- Work instruction
Copied exactly and without pictures, the lines from the beginning of the entries through the one that holds "深圳市交通运输局《深圳市支持低空经济高质量发展的若干措施》实施细则" should form the entire reply.

====== Entries shown ======

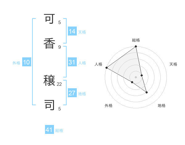 可香 穣司さんの総格は41画の5点!
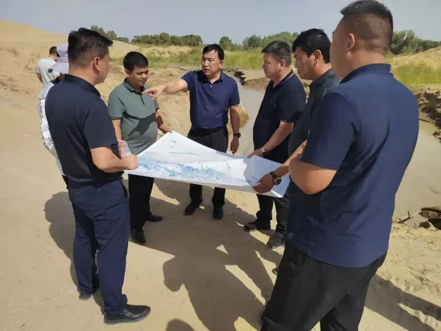 博湖县副总河(湖)长、张永锟副县长带领水利局局长、应急管理局局长等一行人,前往博湖县博斯腾湖乡布尔冬散勒沟(2)号山洪沟现场巡查。
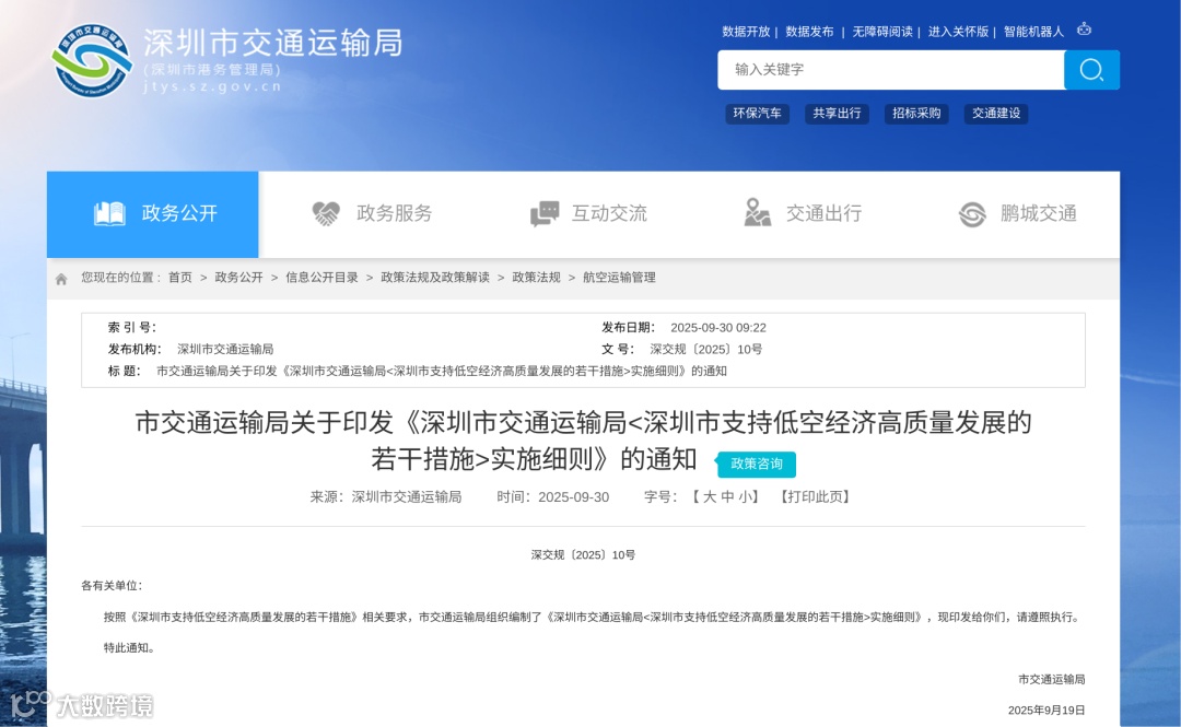 深圳市交通运输局《深圳市支持低空经济高质量发展的若干措施》实施细则
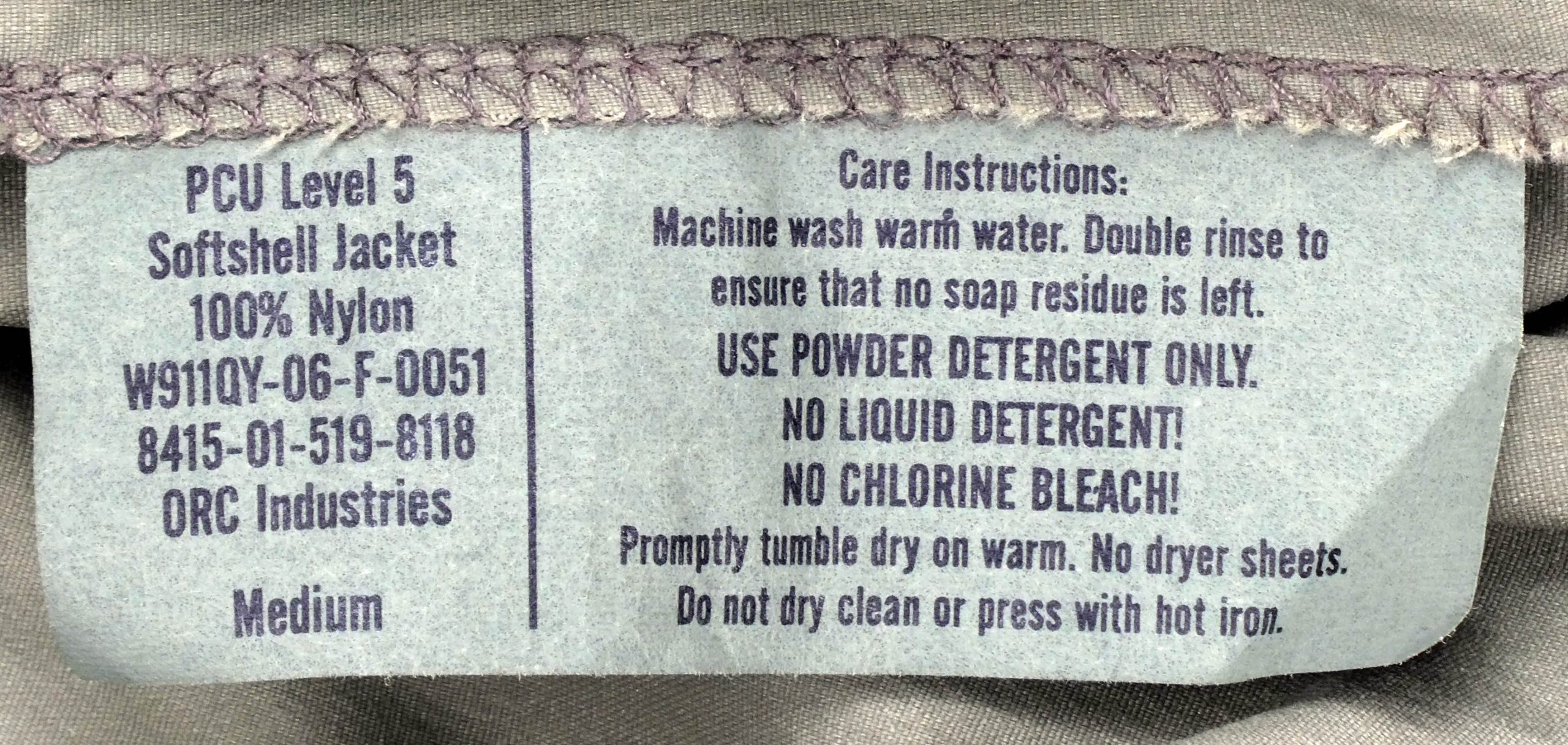 The PCU (Protective Combat Uniform) is a scalable all weather clothing system meant to accommodate a wide range of inclement weather conditions.  The Level 5 parts of the PCU are the most versatile layers and are meant to be nearly general purpose.  While the Level 5 softshells are water resistant, they are not impermeable since they are intended to allow the wearer some ventilation (“breathe”) for comfort.  This breathability also allows them to be dried quickly, especially when body heat is involved to encourage evaporation. [1]
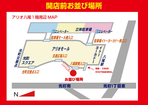 ■開店前のお並び場所:1階八尾駅側入口(道路沿い)
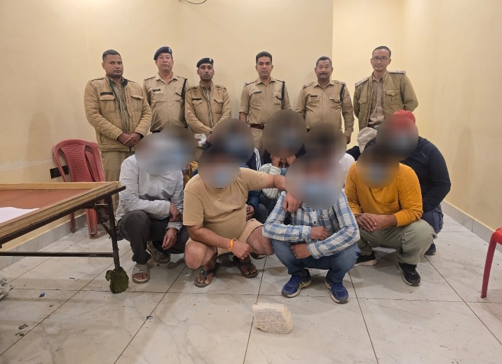 जिनमें संजय सिंह पुत्र किशन सिंह ,बृजमोहन पुत्र स्व० राजेन्द्र सिंह, सदीप सिंह पुत्र नन्दन सिंह, गौरव पुत्र विपिन चंद्र,घनश्याम पुत्र घनानन्द, पंकज कुमार पुत्र नन्द किशोर, धीरज पुत्र वंशीधर, हिम्मत सिंह पुत्र राजेन्द्र सिंह, अंकित पुत्र सुन्दर लाल, मोनू पाण्डे पुत्र जगदीश चन्द्र, साहिल रायत, कुन्दन सिंह पुत्र कुवंर सिंह, प्रदीप पुत्र जीवन चन्द्र निवासीगण भीमताल जिला नैनीताल को गिरफ्तार किया गया हैं जिनके पास से 52 ताश पत्ती व 2 लूडो डाईस मय डिब्बी और 4 लाख 51 हजार 5 सो रुपये बरामद किये गये।

======

- Written answer
 可香 穣司さんの総格は41画の5点!
 博湖县副总河(湖)长、张永锟副县长带领水利局局长、应急管理局局长等一行人,前往博湖县博斯腾湖乡布尔冬散勒沟(2)号山洪沟现场巡查。
 深圳市交通运输局《深圳市支持低空经济高质量发展的若干措施》实施细则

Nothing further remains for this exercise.